The Mets announced Monday that they will salute U.S. service men and women with Military Mondays during the 2014 season at Citi Field with complimentary tickets, retail discounts and community outreach events. Mets players will wear a new camouflage jersey for every Monday night home game at Citi Field starting April 21. Mets front-office staff, alumni and players will visit a VA Hospital throughout the season to meet the recovering veterans and the dedicated doctors and nurses who care for them.
Bank of America, the official bank of MLB, provided American flags for fans at each entrance before a game in Boston and St. Louis during the World Series, and they were waved during the playing of "God Bless America" during the seventh-inning stretch. Its "Express Your Thanks" initiative ended on Veterans Day, and the $1 million raised, on behalf of each of those citizens who participated, goes toward helping service members and veterans succeed here at home. Fans can visit Bank of American/troopthanks to learn more about the program and about how to help returning military and their families.
Another meaningful way to show support for veterans is by donating at WelcomeBackVeterans.org. MLB and the Robert R. McCormick Foundation have committed more than $28 million to Welcome Back Veterans since its inception in 2008. To date, $15 million in grants has been awarded to nonprofit agencies and hospitals supporting returning Iraq and Afghanistan veterans' and their families' greatest needs, focusing on treatment and research of PTSD and traumatic brain injury (TBI).
"Welcome Back Veterans' partnership with Major League Baseball's has been fantastic," said Donald Cooke, senior vice president of philanthropy for the McCormick Foundation. "I think we're getting a lot of good stuff done, helping our young veterans coming back from Iraq and Afghanistan. We're dealing with post-traumatic stress disorder and have a good transition back into their communities, their families, and get jobs and be as productive as we know they can be.

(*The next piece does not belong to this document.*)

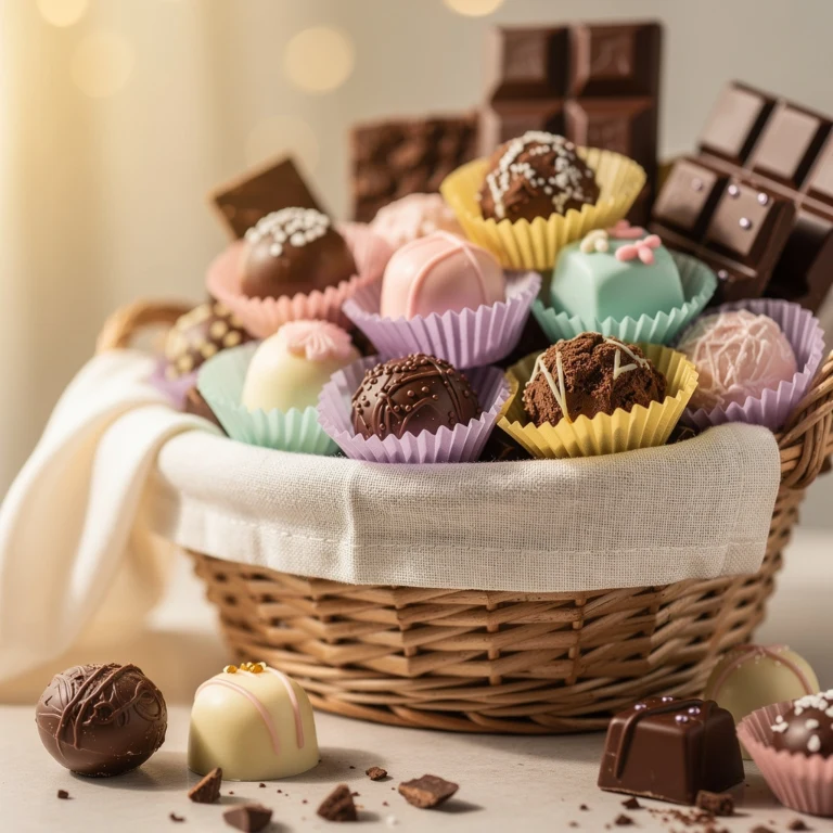 Indulge sweet cravings with a chocolate-themed basket. Include a mix of dark, milk, and flavored chocolates for variety. This is a simple yet universally loved idea.

"The key is, we can't hope the government can take care of everything. So we as citizens have to do the best we can and help these folks who defended us and protected us as well. That's the big movement, that communities are behind this, individuals who aren't part of the government, part of the V.A. That's what the real significance is -- that we're all in this together, and these are important folks and the next Greatest Generation."
Nearly three million young men and women have been deployed to Iraq or Afghanistan over the 12 years of recent wars that the United States has faced. Of that, one out of every three is estimated to have some level of post-traumatic stress, and one out of five is estimated to have to minor to medium traumatic brain injury associated with combat duty. Three million children have been affected as being close relatives of the service members who have deployed. Retired Brig. Gen. Jack Hammond, executive director of the Red Sox's Home Base program, in conjunction with Massachusetts General Hospital, said 22 service members commit suicide each day across America, one on active duty each day, and currently that exceeds the number of combat losses American troops face each day.
Cook has a simple message to Americans, especially on this day.
"Take care of your veterans," said Cook. "You may not even know who they are in your neighborhood. They have great skills, they have great ability to participate, they want to participate and serve, even after the military, and we should embrace them and help them have a great transition back into their families and communities. It's been challenging for a lot of them, but we've got to be there to help."